Task planning: Use advanced LLMs such as Claude 3.7 to receive user questions and plan a detailed To-Do List . For example, if a user enters "Help me analyze and summarize the recent hot trends in the field of AI " , the system will automatically break it down into subtasks such as " collect the latest AI -related news, search for relevant papers, summarize the main points, and write trend reports " .

Task distribution: After that, Manus will use a lighter-weight large model to intelligently determine which professional agent should handle each subtask . For example, data collection tasks can be assigned to browser operation agents, code analysis tasks to programming agents, and information retrieval tasks to search API agents, thus achieving automation and optimal distribution of tasks.

Execution agent: Each subtask is automatically executed by the corresponding intelligent agent. Manus currently relies mainly on three types of core agents:

Browser operation agent (can simulate manual web browsing and operation, similar to Operator )
Search API call proxy (quickly retrieve and call network information)
Agents that write code (automatically generate, debug, run code, and handle related technical tasks)

Result summary: When the subtasks are completed, the task summary generator (probably also Claude ) reads the ToDo List and the results of each subtask, integrates them into the final output, and generates documents in different formats.

Seeing this, we should have a question in our mind: where is the moat of agents like manus and gamma ? Will they be easily replaced as soon as large model manufacturers upgrade or more competing products are launched?

The core moat of agent- like products is not simply the underlying model and general technology.

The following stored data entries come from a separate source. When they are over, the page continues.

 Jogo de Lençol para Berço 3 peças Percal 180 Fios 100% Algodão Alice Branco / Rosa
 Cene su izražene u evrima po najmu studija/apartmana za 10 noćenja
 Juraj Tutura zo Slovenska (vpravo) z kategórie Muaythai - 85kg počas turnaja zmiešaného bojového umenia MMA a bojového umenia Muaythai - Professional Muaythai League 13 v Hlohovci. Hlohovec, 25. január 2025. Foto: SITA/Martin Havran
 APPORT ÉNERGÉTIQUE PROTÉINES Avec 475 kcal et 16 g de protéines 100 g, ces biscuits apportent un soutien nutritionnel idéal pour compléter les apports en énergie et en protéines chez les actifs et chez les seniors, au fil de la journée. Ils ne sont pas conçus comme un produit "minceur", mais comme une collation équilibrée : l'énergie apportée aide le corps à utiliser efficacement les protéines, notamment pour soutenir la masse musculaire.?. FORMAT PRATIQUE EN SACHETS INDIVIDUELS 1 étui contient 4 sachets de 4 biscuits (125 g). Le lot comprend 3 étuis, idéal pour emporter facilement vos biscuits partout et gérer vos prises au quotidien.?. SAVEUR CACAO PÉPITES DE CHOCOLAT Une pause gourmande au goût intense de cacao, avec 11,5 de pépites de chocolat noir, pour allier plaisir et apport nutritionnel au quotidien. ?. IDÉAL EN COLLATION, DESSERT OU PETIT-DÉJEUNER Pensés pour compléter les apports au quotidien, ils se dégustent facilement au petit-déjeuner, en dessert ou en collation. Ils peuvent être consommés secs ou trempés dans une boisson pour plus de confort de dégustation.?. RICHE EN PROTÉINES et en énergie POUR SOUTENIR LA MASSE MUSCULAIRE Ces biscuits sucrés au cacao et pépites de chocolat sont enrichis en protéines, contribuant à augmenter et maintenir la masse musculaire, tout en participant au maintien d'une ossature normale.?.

What really determines their competitiveness is " product experience " and " user mind " . The most critical reason why these excellent agent products can accumulate users in a short period of time is that they have built an efficient, smooth and innovative experience process around actual needs, and used intelligent means to solve the " last mile " problem that LLM (large language model) itself is difficult to solve . For example, Manus realizes the automated disassembly of complex tasks and multi- agent collaboration, and Gamma greatly reduces the threshold for content structuring and visualization conversion.

Furthermore, the moat is also reflected in the product team's deep insight into demand and unremitting attention to detail. Continuously iterating and optimizing processes based on user feedback, establishing a unique interaction paradigm and service ecosystem, all of which are difficult for latecomers to catch up with in the short term.

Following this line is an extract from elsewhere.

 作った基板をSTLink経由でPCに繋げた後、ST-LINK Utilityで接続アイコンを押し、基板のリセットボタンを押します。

Just like national-level applications such as WeChat, what really "sticks" users to the platform may not be the most cutting-edge underlying technology, but the ultimate product experience, rich ecology and solid user habits. In the process of constantly improving its own usage process, Agent products are also gradually building their own high thresholds - whoever can first seize the user's mind and shape the industry paradigm will become an " entry-level " brand under the new wave of AI .

Therefore, technological progress is certainly important, but a deeper moat is often contained in product experiences such as "enjoyable to use", "high efficiency" and "ability to solve practical problems". Only by constantly optimizing and evolving according to user needs can we truly achieve the accumulation of competitive barriers and the precipitation of brand value.